Census year comparison
| Metric | 2010 | 2020 | Change |
|---|---|---|---|
| Rank | #143,149 | #143,511 | -0.3% |
| Count | 116 | 118 | 1.7% |
| Per 100K | 0.04 | 0.04 | -1.3% |
Between the 2010 and 2020 Census, the number of Judnick bearers went from 116 to 118 (+1.7% change). The surname moved down 362 positions in the national ranking, going from #143,149 to #143,511.
FAQ
Name Census estimates that about 135 living Americans carry the surname Judnick. Using the current population baseline, that works out to roughly 1 in 2,538,921 residents.
Judnick ranks #143,511 in the 2020 Census surname tables and is classified on this site as "Very Rare." The Census recorded the name at a frequency of 0.04 per 100,000 residents, which is about 0 people out of every 100,000.
The raw 2020 Census file counted 118 people with the surname Judnick. That is different from the site's living-bearer estimate (135), which projects the surname's present-day count by applying the Census frequency rate to the current U.S. population.
It is the Census Bureau's normalized frequency measure. A rate of 0.04 per 100,000 means that if you picked a random group of 100,000 U.S. residents, you would expect about 0 of them to have the surname Judnick.
Between 2010 and 2020, the surname Judnick went from 116 recorded bearers to 118. That is an increase of 2 (+1.7%). In the national ranking it fell from #143,149 to #143,511.
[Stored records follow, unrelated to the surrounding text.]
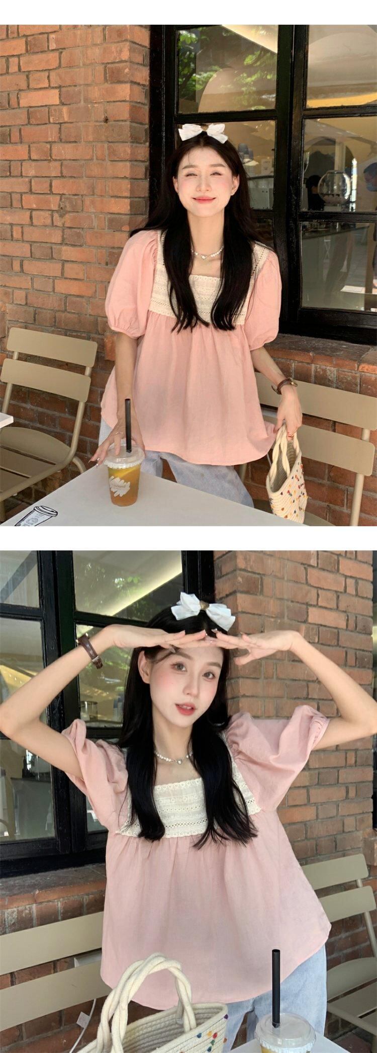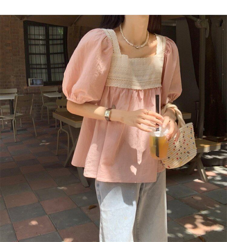 スリーブトップス サマースタイルシャツ 大人ガーリー スウィート キュート カジュアル 夏物 スクウェア s576194343795909
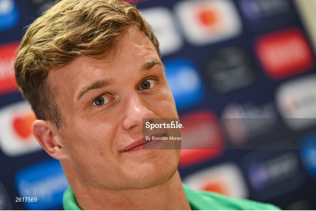 5 September 2023; Josh van der Flier during an Ireland rugby media conference at Tours Town Hall in Tours, France. Photo by Brendan Moran/Sportsfile
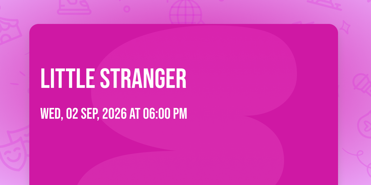 🎉 Welcome to Little Stranger, where dreams come alive and possibilities are endless! 🏛️ Join us at Ramova Theatre in the heart of Chicago, IL for an event that defies expectations. 📅 On September 2nd, 2026 at 06:00 PM, be part of something truly extraordinary as we bring together innovation, entertainment, and pure magic. ✨ Every aspect has been carefully designed to ensure an unforgettable experience for all our guests. Whether you're seeking adventure, inspiration, or simply a break from the ordinary, this event promises to deliver beyond your wildest dreams. 🎊 Prepare for a journey into the extraordinary!http://maps.seatics.com/GeneralAdmissionEvent_2021-07-08_1018_11272024_093231_SVGC_tn.png
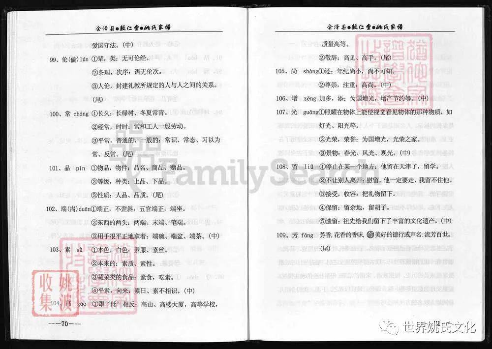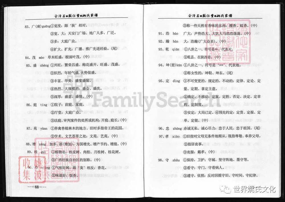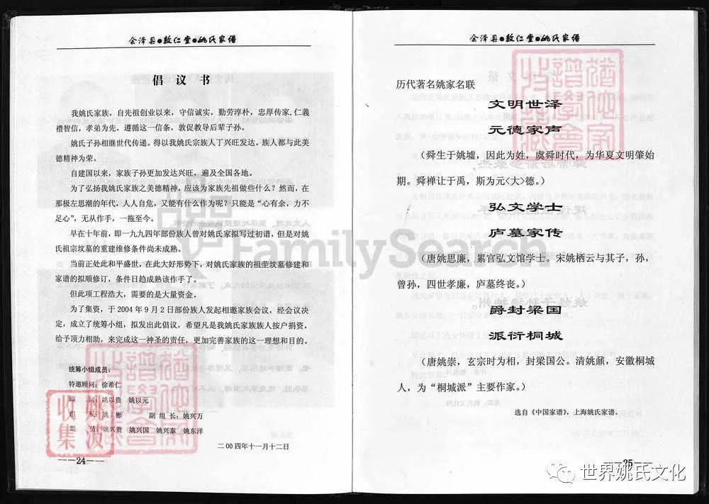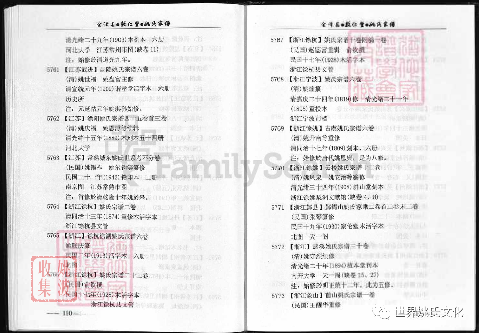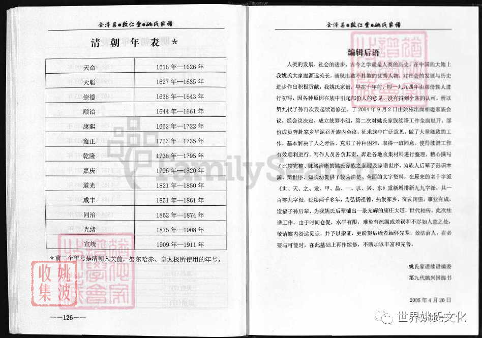 原書: [出版地不詳] : 敦仁堂姚氏家譜編委會, 公元2005年修. 合1冊 : 插圖, 世系表, 肖像.

Among Census respondents with the surname Judnick, the largest self-reported group is White at 90.7%. The next largest groups are Hispanic (5.1%) and Two or More Races (3.4%). These figures come from the 2020 Census Bureau surname tables, based on how respondents described their own race and ethnicity.
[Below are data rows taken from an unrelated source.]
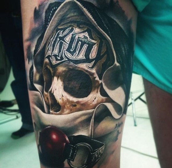 大腿写实的彩绘骷髅字母纹身图案
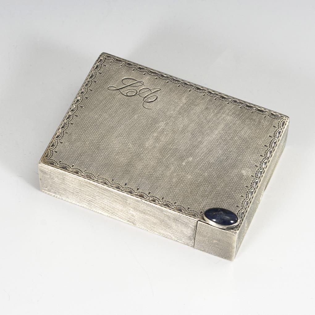 Fein ziselierte Dose mit Lapislazuli-Cabochon als Patentverschluss. Innen facettierter Spiegel und herausziehbare Halterung für Lippenstift. Auf dem Deckel Monogrammgravur "LA". Gebrauchsspuren.
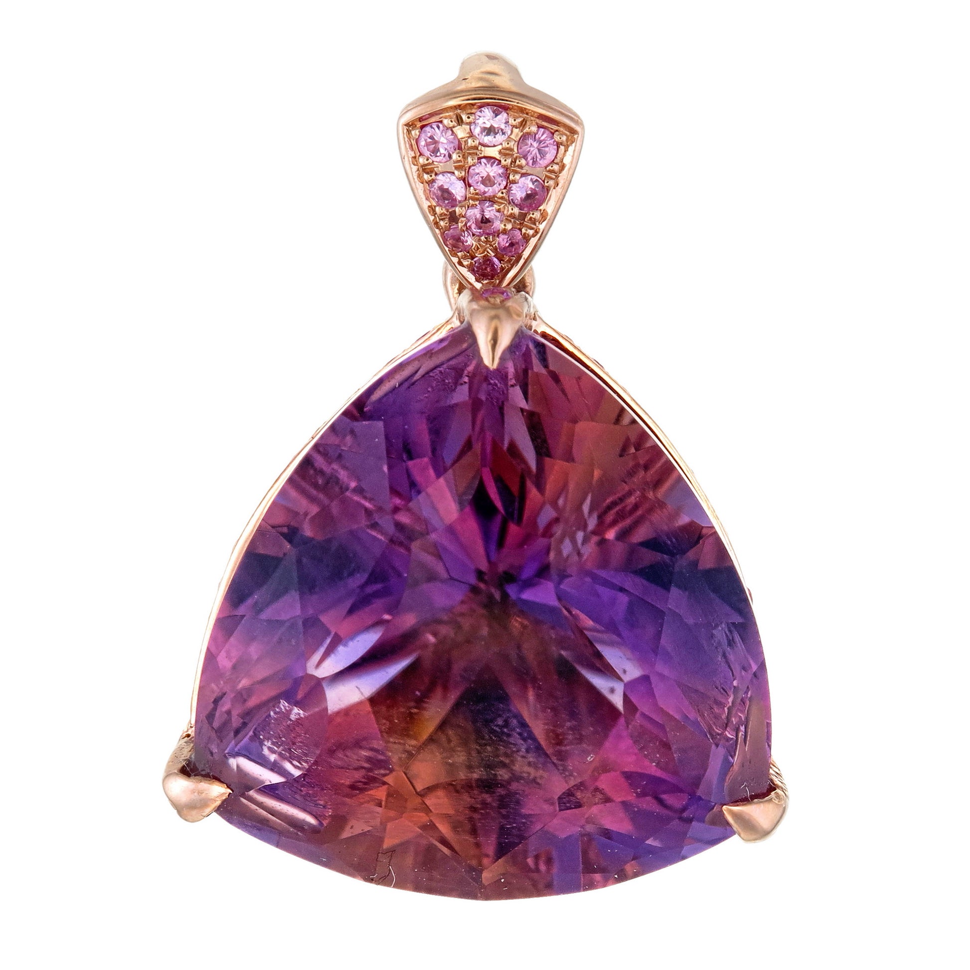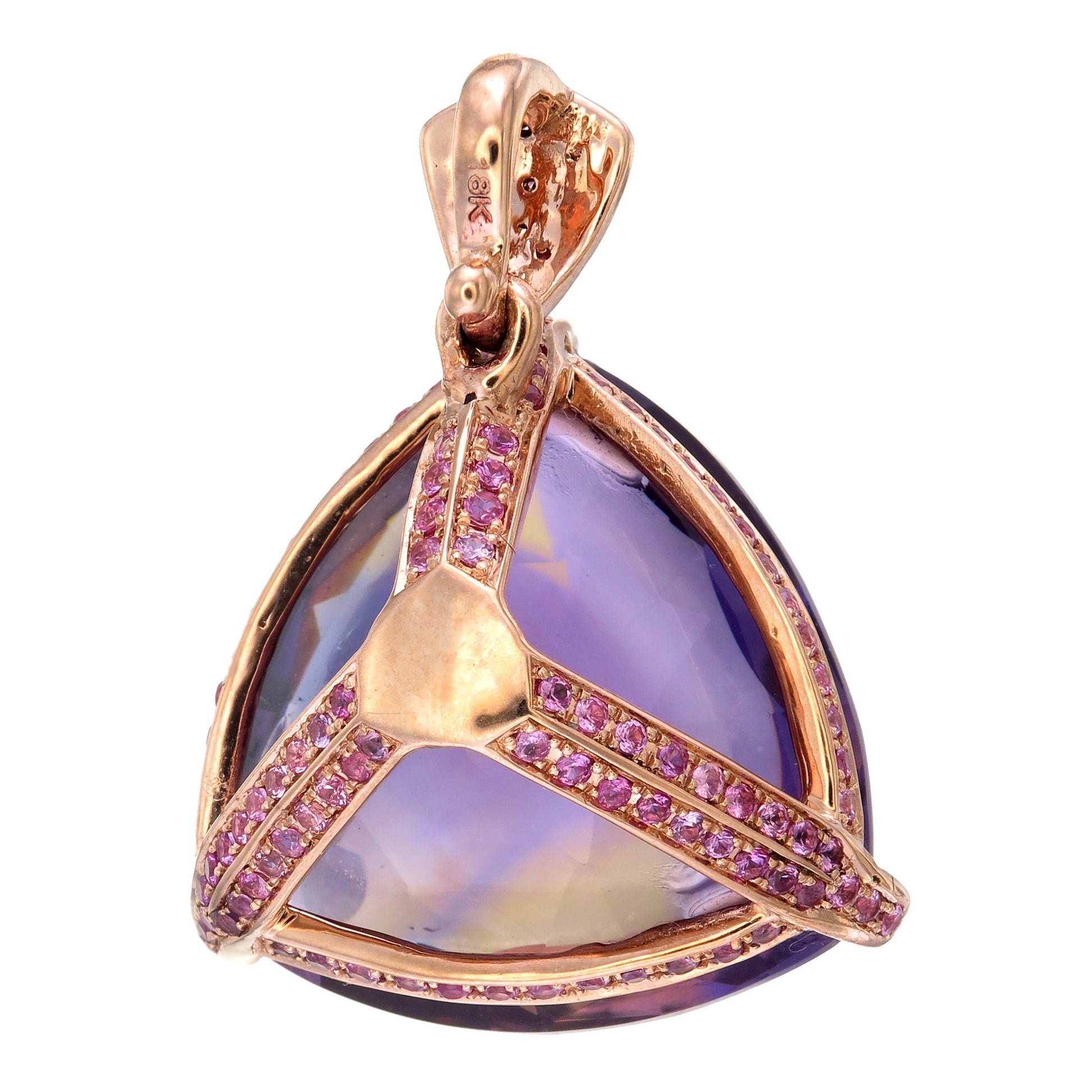 One of the nicest pieces of Ametrine we have seen in years... set in 18k pink gold with 108 pink sapphires.

White is the largest self-reported group for the surname Judnick in the 2020 Census, accounting for 90.7% (107 people in the source table).
Judnick appears across multiple self-reported groups in the Census data. The largest shares in the 2020 file are White (90.7%), Hispanic (5.1%), Two or More Races (3.4%). For 2020, the source file also published raw headcounts for each group, which is why this page can show both percentages and counts in the ancestry section.
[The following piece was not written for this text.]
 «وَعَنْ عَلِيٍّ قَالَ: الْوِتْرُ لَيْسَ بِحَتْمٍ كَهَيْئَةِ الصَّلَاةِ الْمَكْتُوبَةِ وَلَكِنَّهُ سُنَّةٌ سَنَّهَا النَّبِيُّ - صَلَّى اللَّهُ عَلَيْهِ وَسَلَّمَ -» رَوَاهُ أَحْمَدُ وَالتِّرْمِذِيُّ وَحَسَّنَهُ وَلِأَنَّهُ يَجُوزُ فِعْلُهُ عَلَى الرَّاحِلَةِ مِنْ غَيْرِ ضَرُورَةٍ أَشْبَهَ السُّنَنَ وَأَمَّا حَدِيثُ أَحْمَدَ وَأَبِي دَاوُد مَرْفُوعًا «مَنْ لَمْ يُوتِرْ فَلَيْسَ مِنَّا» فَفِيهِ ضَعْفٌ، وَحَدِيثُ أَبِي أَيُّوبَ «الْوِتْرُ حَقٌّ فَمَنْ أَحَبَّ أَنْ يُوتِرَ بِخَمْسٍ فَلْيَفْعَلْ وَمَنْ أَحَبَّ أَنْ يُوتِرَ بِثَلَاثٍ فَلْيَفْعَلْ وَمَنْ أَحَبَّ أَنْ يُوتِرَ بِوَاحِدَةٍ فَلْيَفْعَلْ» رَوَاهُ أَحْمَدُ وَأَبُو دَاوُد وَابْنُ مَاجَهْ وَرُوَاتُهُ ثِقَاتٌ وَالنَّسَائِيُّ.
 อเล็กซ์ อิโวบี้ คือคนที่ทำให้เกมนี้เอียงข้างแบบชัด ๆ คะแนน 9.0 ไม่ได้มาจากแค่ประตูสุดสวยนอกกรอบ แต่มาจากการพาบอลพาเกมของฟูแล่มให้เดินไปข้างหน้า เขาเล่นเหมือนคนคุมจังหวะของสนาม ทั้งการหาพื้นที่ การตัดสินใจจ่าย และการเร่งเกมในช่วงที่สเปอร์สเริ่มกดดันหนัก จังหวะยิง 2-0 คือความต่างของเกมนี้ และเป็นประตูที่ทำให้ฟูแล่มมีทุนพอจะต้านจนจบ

Yes. This page is using the latest surname file currently loaded on Name Census, which is 2020. The historical section above also keeps any older Census surname entries we have for Judnick (2000, 2010, 2020).
No. The Census Bureau only publishes surnames that appeared at least 100 times in a given decennial Census. That means very rare surnames are excluded entirely, and a surname can appear in one Census release but disappear from a later one if it falls below the reporting threshold.
There are two main reasons: rounding and suppression. The Census Bureau rounds published values, and it may suppress very small cells to protect privacy. For 2020, the Bureau also published raw group counts rather than direct percentages, so Name Census converts those counts back into shares for comparability across census years.
A Jewish surname derived from the Yiddish personal name Judah. The fuller origin note on this page goes into more detail.
All surname statistics on Name Census are drawn from the US Census Bureau's decennial surname frequency tables. These files list every surname that appeared 100 or more times in the 2020 Census, along with a count, a per-100,000 rate, and a self-reported demographic breakdown. You can read the full explanation on our methodology page.
For surnames, Name Census does not age cohorts the way it does for first names. Instead, it takes the Census Bureau's published frequency for Judnick (0.04 per 100,000) and applies that rate to the current U.S. resident population to estimate how many living Americans have the surname today.
HowManyOfMe.org, our sister site, answers that with the living-bearer count in one glance.